● **EXERCISE DIRECTIONS**
Although the entries contain pictures, write out only their text, exactly as it stands.

● **Recorded data**
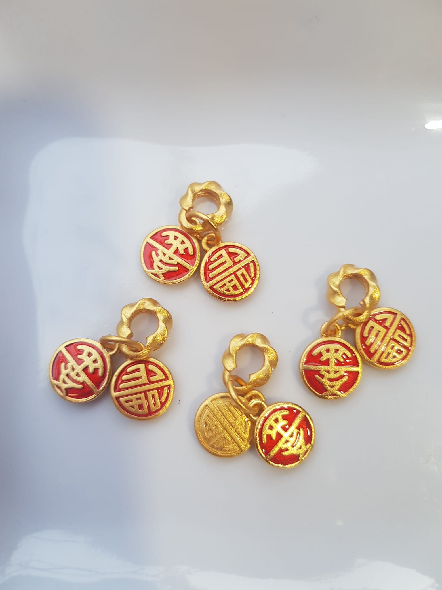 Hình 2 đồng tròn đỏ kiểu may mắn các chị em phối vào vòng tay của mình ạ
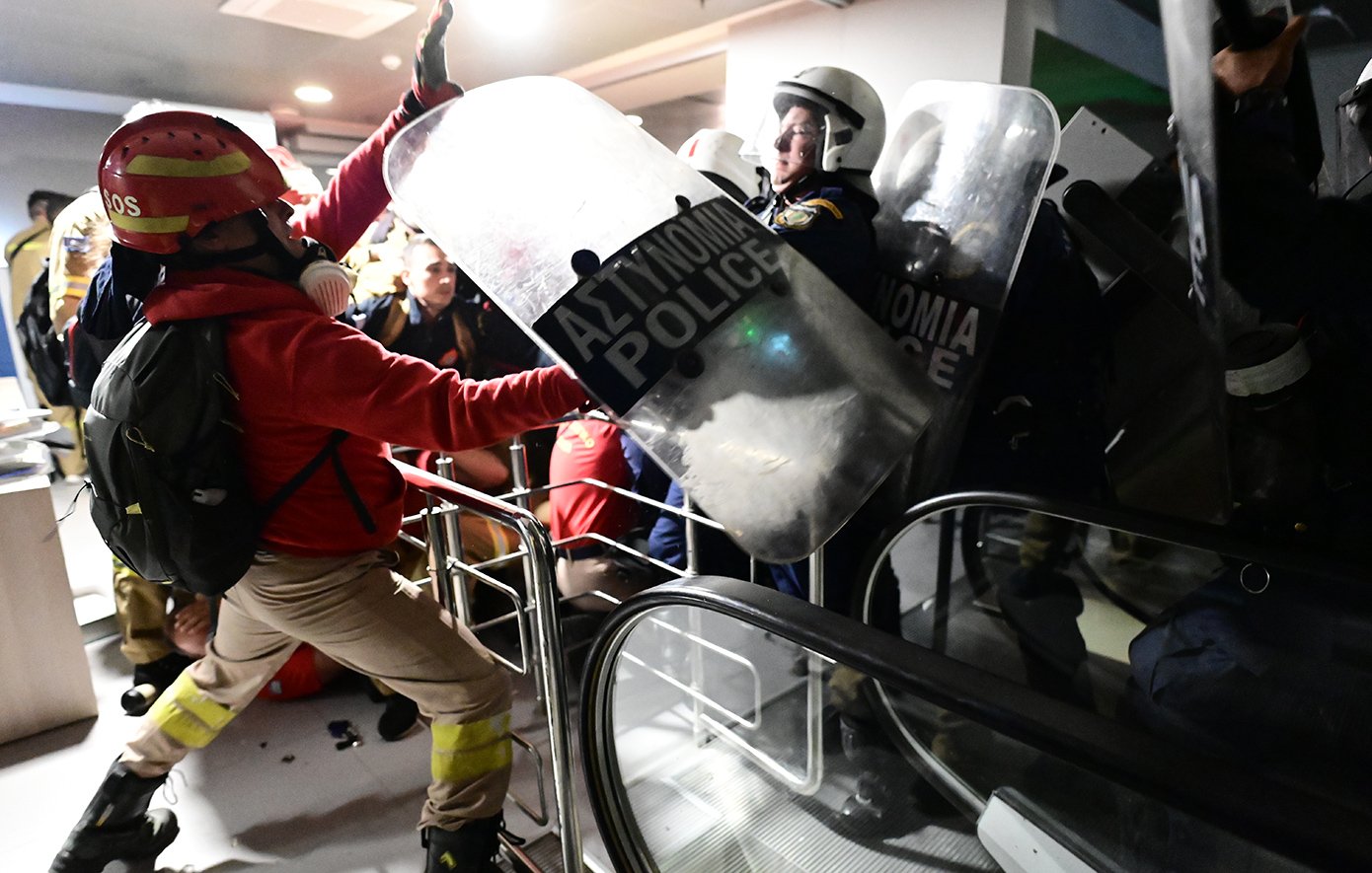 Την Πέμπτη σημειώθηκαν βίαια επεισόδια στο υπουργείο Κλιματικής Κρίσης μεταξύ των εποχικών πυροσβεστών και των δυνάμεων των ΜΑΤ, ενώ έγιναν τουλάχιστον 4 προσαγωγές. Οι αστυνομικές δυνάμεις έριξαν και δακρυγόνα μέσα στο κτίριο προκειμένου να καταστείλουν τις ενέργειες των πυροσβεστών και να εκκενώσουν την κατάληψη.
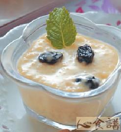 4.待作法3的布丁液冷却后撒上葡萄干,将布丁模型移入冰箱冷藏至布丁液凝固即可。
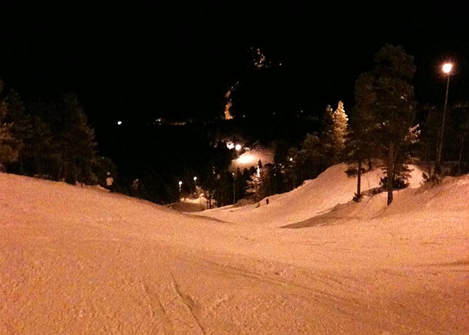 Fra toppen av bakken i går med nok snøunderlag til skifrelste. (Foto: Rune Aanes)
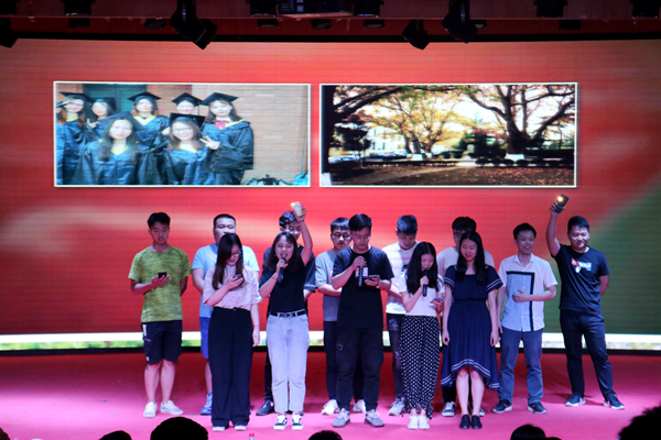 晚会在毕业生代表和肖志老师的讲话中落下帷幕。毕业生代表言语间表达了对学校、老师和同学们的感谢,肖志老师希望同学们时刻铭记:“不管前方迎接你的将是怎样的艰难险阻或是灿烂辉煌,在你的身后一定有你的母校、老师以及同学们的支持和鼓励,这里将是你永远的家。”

● **RESULT OF THE TASK**
 Hình 2 đồng tròn đỏ kiểu may mắn các chị em phối vào vòng tay của mình ạ
 Την Πέμπτη σημειώθηκαν βίαια επεισόδια στο υπουργείο Κλιματικής Κρίσης μεταξύ των εποχικών πυροσβεστών και των δυνάμεων των ΜΑΤ, ενώ έγιναν τουλάχιστον 4 προσαγωγές. Οι αστυνομικές δυνάμεις έριξαν και δακρυγόνα μέσα στο κτίριο προκειμένου να καταστείλουν τις ενέργειες των πυροσβεστών και να εκκενώσουν την κατάληψη.
 4.待作法3的布丁液冷却后撒上葡萄干,将布丁模型移入冰箱冷藏至布丁液凝固即可。
 Fra toppen av bakken i går med nok snøunderlag til skifrelste. (Foto: Rune Aanes)
 晚会在毕业生代表和肖志老师的讲话中落下帷幕。毕业生代表言语间表达了对学校、老师和同学们的感谢,肖志老师希望同学们时刻铭记:“不管前方迎接你的将是怎样的艰难险阻或是灿烂辉煌,在你的身后一定有你的母校、老师以及同学们的支持和鼓励,这里将是你永远的家。”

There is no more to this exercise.